Hahaha one of my favourite series, Terra Nova, it's this sort of thing... and I love the episodes where they need to pull in the black-market bar-owner to help solve the mystery. It's so great. He's so at odds with what the community leaders want to make, and yet he's still very much a product of the community. And he's always so reluctant to help, but he's always so good at it. It rules.

Been thinking as well, I really want him to have a heartless friend. That sort of person is also interesting to watch, especially with the contrast of our emotionally driven main guy. Maybe the first murder is one he's just there for - he doesn't solve it - and it's this heartless person that did it. And it's only after that he realises they're the one who did it. But he doesn't have the evidence, or turning them in would be too risky, or they find out his secret (that he's a construct masquerading as the original), and so both agree to keep each other's secrets.
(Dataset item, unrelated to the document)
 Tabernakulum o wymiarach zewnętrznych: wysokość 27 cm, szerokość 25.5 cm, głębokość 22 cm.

And then maybe they solve crimes together, idk. I had the idea of his partner being a more traditional detective, with him only serving as the initial forensic doctor? Maybe we still can. Here's the dynamic: our guy is forensics. He often works with a detective, but that person - while being hardboiled as all hell - is incompetent. Our Snowman notices something about the scene that doesn't fit.

From there, we have options. Option one, he nudges his incompetent partner towards the correct conclusion, without letting on his own secret - e.g. Case Closed. Option two, he gets assistance from a cleaner, or a maidservant, or the heartless friend, or some other kind of social contact, and unofficially they solve it together. This relies on a degree of social power - being able to ask questions, having permission to be involved. This works best in a system where there is no official 'detective', and that mysteries are solved by nosy people on behalf of important people. e.g. the Apothecary Diaries.
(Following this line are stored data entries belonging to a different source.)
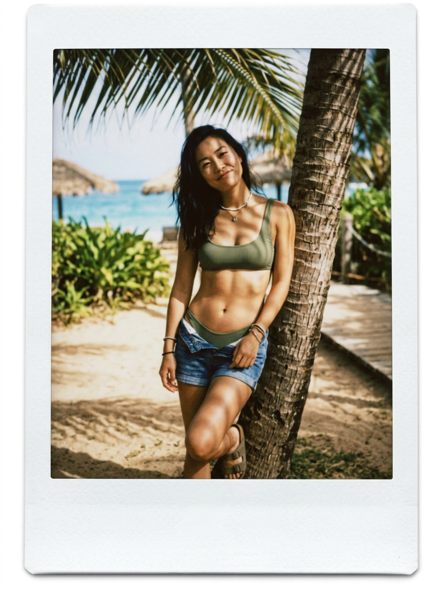 Polaroid-style sexy model with large chest in Frankies Bikini x Gigi, flat stomach and toned abs on display, casual beach lean against palm tree, natural Kauai light filtering through leaves, playful smirk, vintage film grain effect with modern high-res, full-body portrait, alluring resort vibe.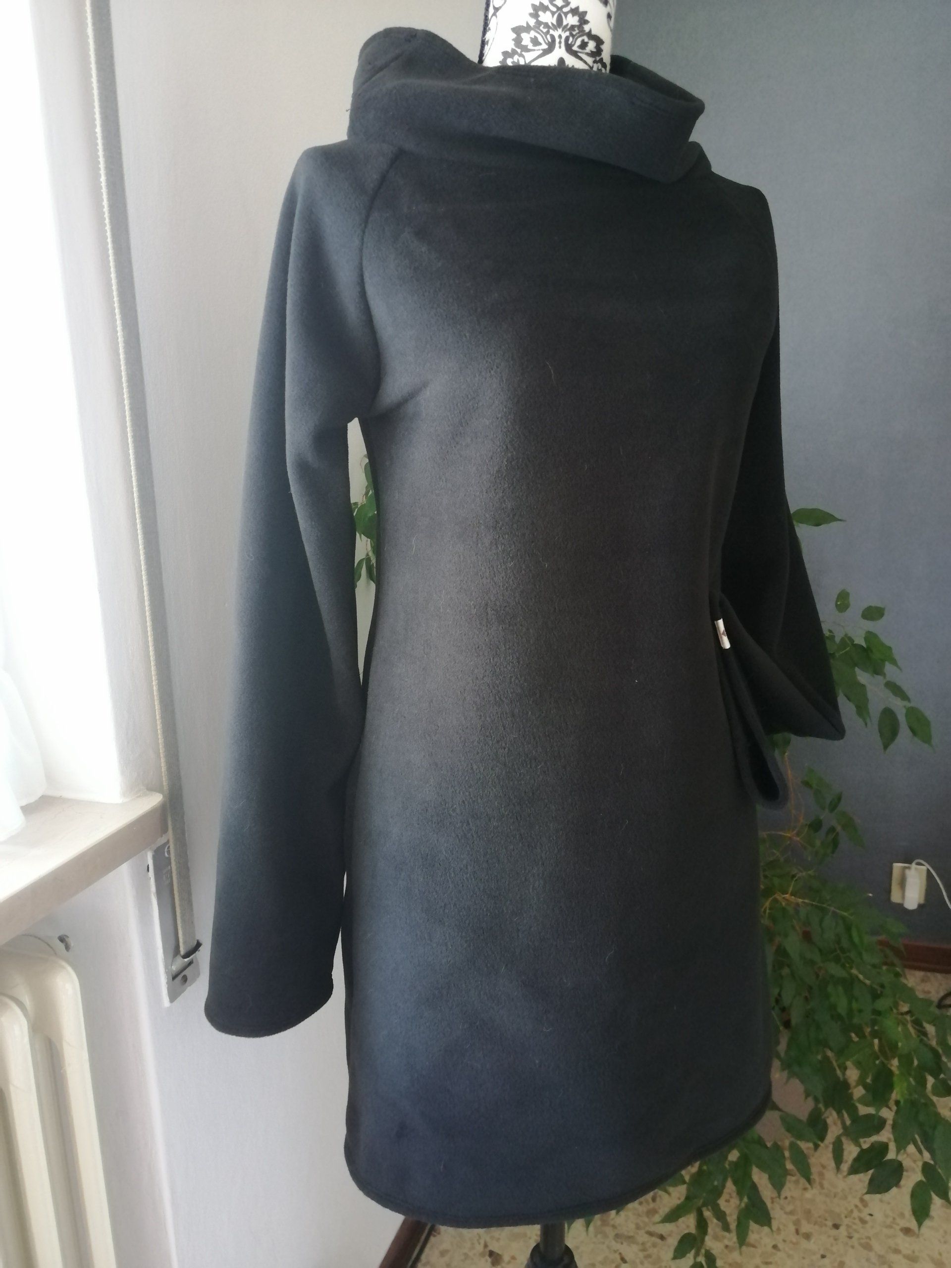 Comodo e caldo ma con stile questo abito in felpa made in Italy, realizzato in felpa garzata 100% cotone di colore nero per la parte principale e jersey fantasia per l'ampio collo, la ripresa sulla tasca centrale e i polsini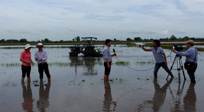| Phóng viên Đài PTTH Tây Ninh tác nghiệp tại xã An Thạnh, huyện Bến Cầu. |

Hm hm. Of these options, the latter is more interesting.

Some more notes. Maybe he's into making alchohol? Or maybe he's a broom-maker - that would be the hobby, I guess, the way some people have useful hobbies. Skyrim notes: soul gems, enchantments, alchemy. Elemental sources: water, fire, earth, air, lightning, wood, starmatter? Sun and moon? My brother says he likes magic that's physical in some way: harmonies, power coming from balance with the natural world. He also mentioned the power of belief: enough people believing it can make certain things real. Demons, gods. Also what if crossbows?
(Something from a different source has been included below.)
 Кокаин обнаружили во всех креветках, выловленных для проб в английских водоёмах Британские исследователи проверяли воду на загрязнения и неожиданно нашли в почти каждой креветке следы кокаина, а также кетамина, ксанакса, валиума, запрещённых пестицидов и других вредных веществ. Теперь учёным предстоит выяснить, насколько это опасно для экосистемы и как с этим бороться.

Also, magic university is 100% somewhere remote: need to keep those dangerous mages away from good society. On top of a really high mountain, in the northern ice waste, at the bottom of the sea - somewhere really strange, inhospitable, and scenic.

Here are some big questions to answer. 1. What's the god's story? 2. What's the farmer's story? and 3. What's the dog's story?

What kind of magic does a fisherman have access to? A lamplighter? A lumberman? A sailor? A miner? A hunter? A town guard? A chicken or vegetable farmer? A blacksmith? A merchant or wandering trader? A builder? A bartender? A goatherd?

Oh woah, we organically ended up at Earthsea. Cool.

Okay, here's my personal take on it. Magic needs a reason to exist. I don't mean a source - although if I had to pick, the 'another dimension overlaid over ours' would be my go-to. I mean... what else exists in this world that makes magic a necessity for survival? What are the circumstances of its development in humanity? And why humanity? It's not like only humans have the will to survive.

Hm. Well, side note: I really like the selfish woman who's a carefree mess. You know the one - usually wearing a tank top and shorts, usually super hot, usually super rude? I'm really showing my taste, haha. I love a character who's a slob. In Witch Watch, the dragon familiar is this sort of character... and man, she's something.